*** Opening Dataset section ***

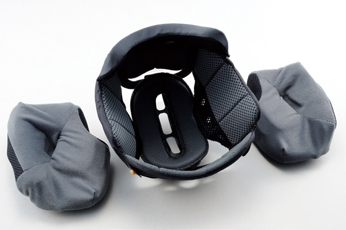 ③システム内装は頬だけでなく、アゴ全体を包み込むような形状となっている。頬を強く圧迫することなく、頭とヘルメットの密着性を高めることができるのが特徴。高速走行時にブレず、快適なかぶり心地を両立する要因となっている。
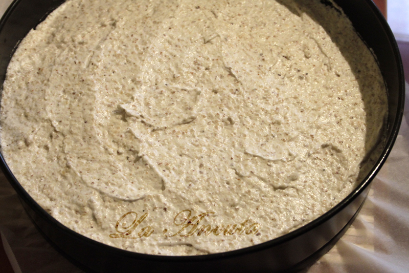 Pentru blatul de bezea mixam bine albusurile cu un praf de sare iar apoi adaugam zaharul si mixam pana se topeste si spuma luceste. La final adaugam nuca prajita si macinata amestecata cu faina. Amestecam usor, pana se incorporeaza.
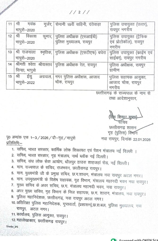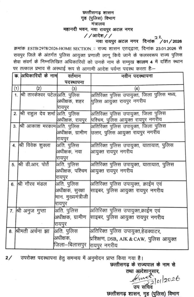 रायपुर कमिश्नरेट प्रणाली लागू, संजीव शुक्ला बने पहले पुलिस आयुक्त, कमिश्नरेट में तैनात अधिकारियों की पूरी सूची जारी
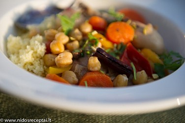 Iki šiol visi mano gaminti tagine – Maroko troškiniai – buvo tirštos, raudonos spalvos, su daug pomidorų, čili pipirų ir tiršto padažo. Ši marokietiško troškinio versija- kitokia, kiek lengvesnė. Bet ne mažiau aromatinga, nes jame naudojau visą gamą kvapnių prieskonių: cinamoną, kardamoną, imbierą, kuminą. Prieskonius, kad jie suteiktų daugiau aromato, pradžioje reikia pakepinti: tada jau jie atsiskleidžia visame gražume. Šį troškinį galima gaminti ir su moliūgais – juk dabar jų sezonas!

*** Closing Dataset section ***

[Problem description] Give every line of the data above again as it stands; the pictures stay out.

[Answer to this exercise]
 ③システム内装は頬だけでなく、アゴ全体を包み込むような形状となっている。頬を強く圧迫することなく、頭とヘルメットの密着性を高めることができるのが特徴。高速走行時にブレず、快適なかぶり心地を両立する要因となっている。
 Pentru blatul de bezea mixam bine albusurile cu un praf de sare iar apoi adaugam zaharul si mixam pana se topeste si spuma luceste. La final adaugam nuca prajita si macinata amestecata cu faina. Amestecam usor, pana se incorporeaza.
 रायपुर कमिश्नरेट प्रणाली लागू, संजीव शुक्ला बने पहले पुलिस आयुक्त, कमिश्नरेट में तैनात अधिकारियों की पूरी सूची जारी
 Iki šiol visi mano gaminti tagine – Maroko troškiniai – buvo tirštos, raudonos spalvos, su daug pomidorų, čili pipirų ir tiršto padažo. Ši marokietiško troškinio versija- kitokia, kiek lengvesnė. Bet ne mažiau aromatinga, nes jame naudojau visą gamą kvapnių prieskonių: cinamoną, kardamoną, imbierą, kuminą. Prieskonius, kad jie suteiktų daugiau aromato, pradžioje reikia pakepinti: tada jau jie atsiskleidžia visame gražume. Šį troškinį galima gaminti ir su moliūgais – juk dabar jų sezonas!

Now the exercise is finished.